Scientists Rediscover the “Lost” Continent of Argoland

And prevented a geological crisis in the process.

By Cassidy Ward
Brendan Fraser and Rachel Weisz in The Mummy (1999)

There are half a hundred reasons that The Mummy starring Brendan Fraser and Rachel Weisz, became an instant and enduring classic. One of those reasons, without a doubt, was the inclusion of the lost city of Hamunaptra. For better or for worse, we absolutely love a story about a good lost city and if you can get your hands on an entire lost continent, that’s even better!

Roughly 155 million years ago during the late Jurassic period, a great continental chunk 5,000-kilometers long broke loose from the western edge of Australia. Today, all that remains in its place is a deep basin known as the Argo Abyssal Plain. Scientists could tell from the shape of the seafloor that the continent dubbed Argoland, moved away to the northwest, toward southeast Asia, but no sign of the hypothesized continent has been found. That is until a new study published in the journal Gondwana Research cracked the case.

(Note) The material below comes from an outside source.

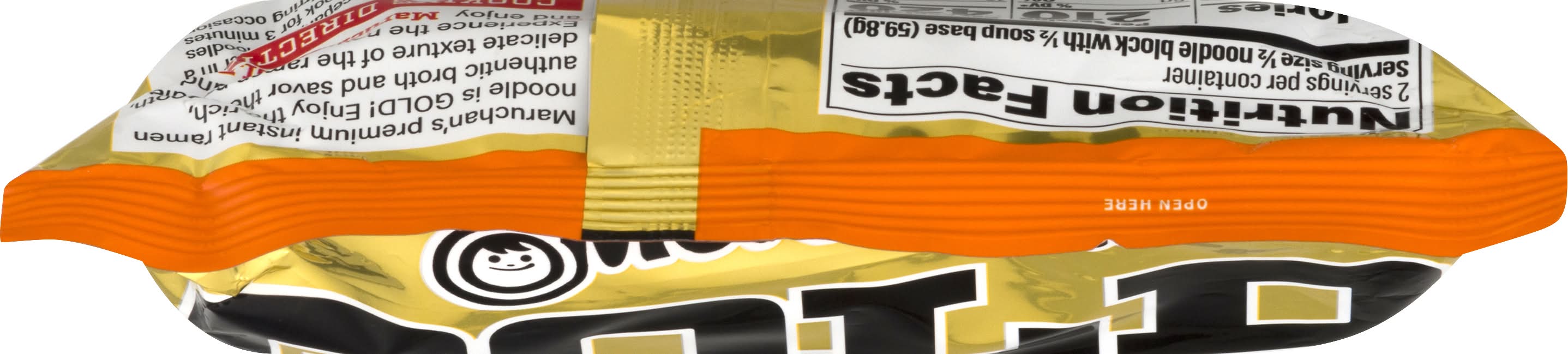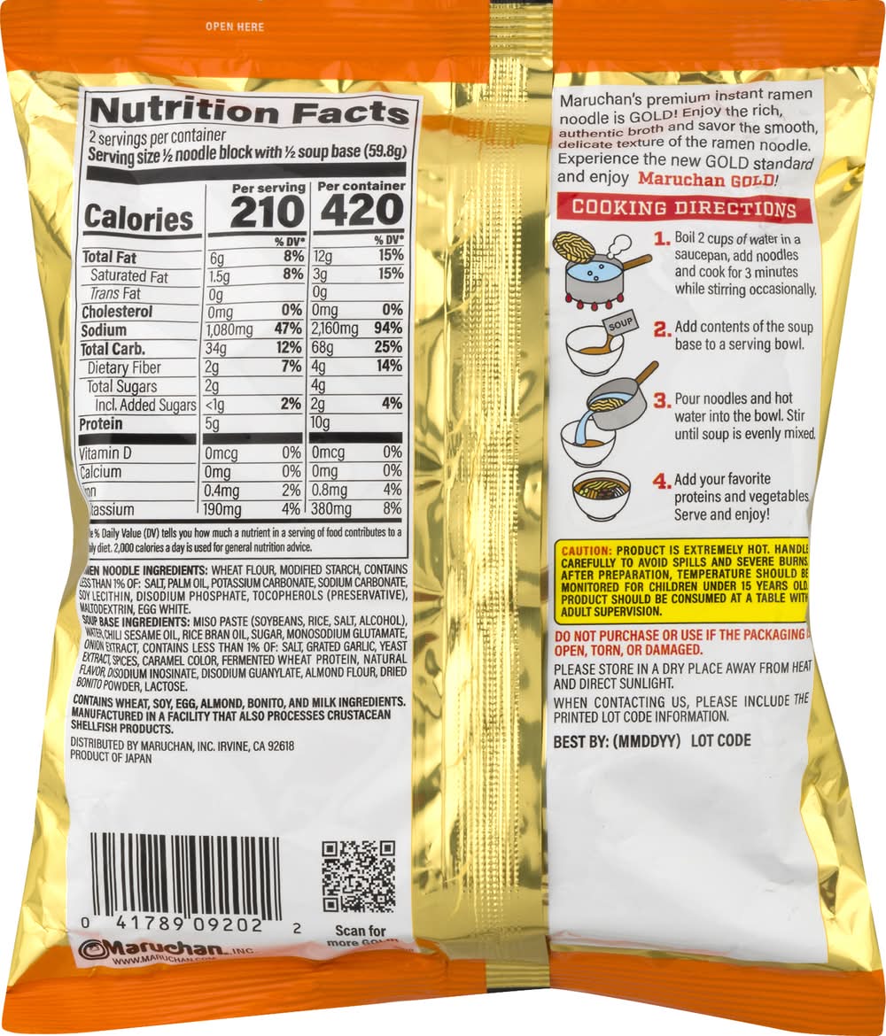 Maruchan Gold Spicy Miso Ramen Noodle is a premium instant craft ramen featuring a rich, authentic broth and smooth, delicate noodles. It is highlighted by its spicy miso flavor and stands as the new GOLD standard in Maruchan's offerings. • Flavor: Spicy miso • Number of servings: 2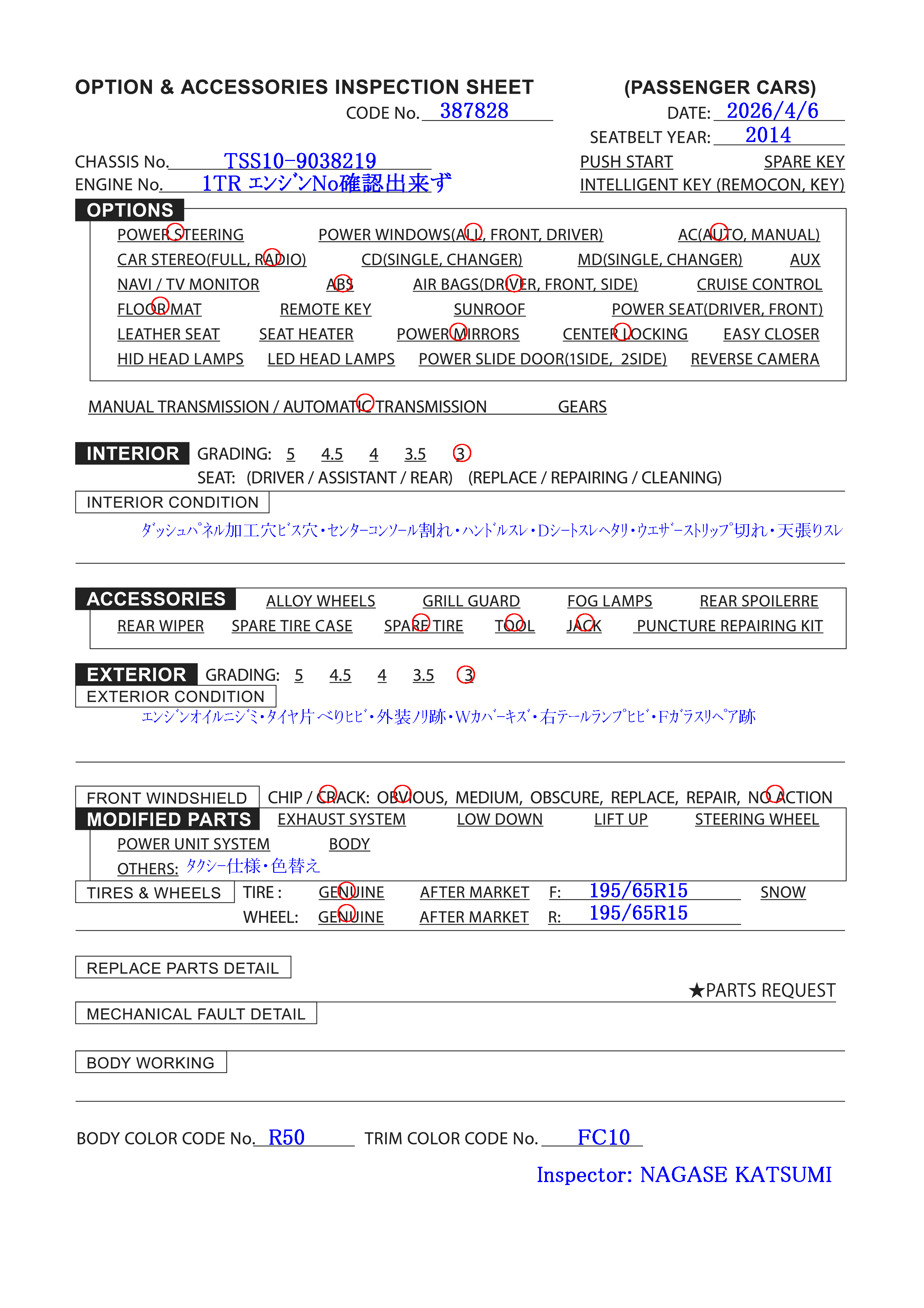 Engine No: 1TR エンジンNo確認出来ず

The Ancient Continent of Argoland Was Broken Apart and Scattered

The disappearance of Argoland presented something of a problem to geologists if it couldn’t be found. “If continents can dive into the mantle and disappear entirely, without leaving a geological trace at the earth’s surface, then we wouldn’t have much of an idea of what the Earth could have looked [like] in the geological past. It would be almost impossible to create reliable reconstructions of former supercontinents and the Earth’s geography in foregone eras,” said Utrecht University geologist Douwe van Hinsbergen, in a statement.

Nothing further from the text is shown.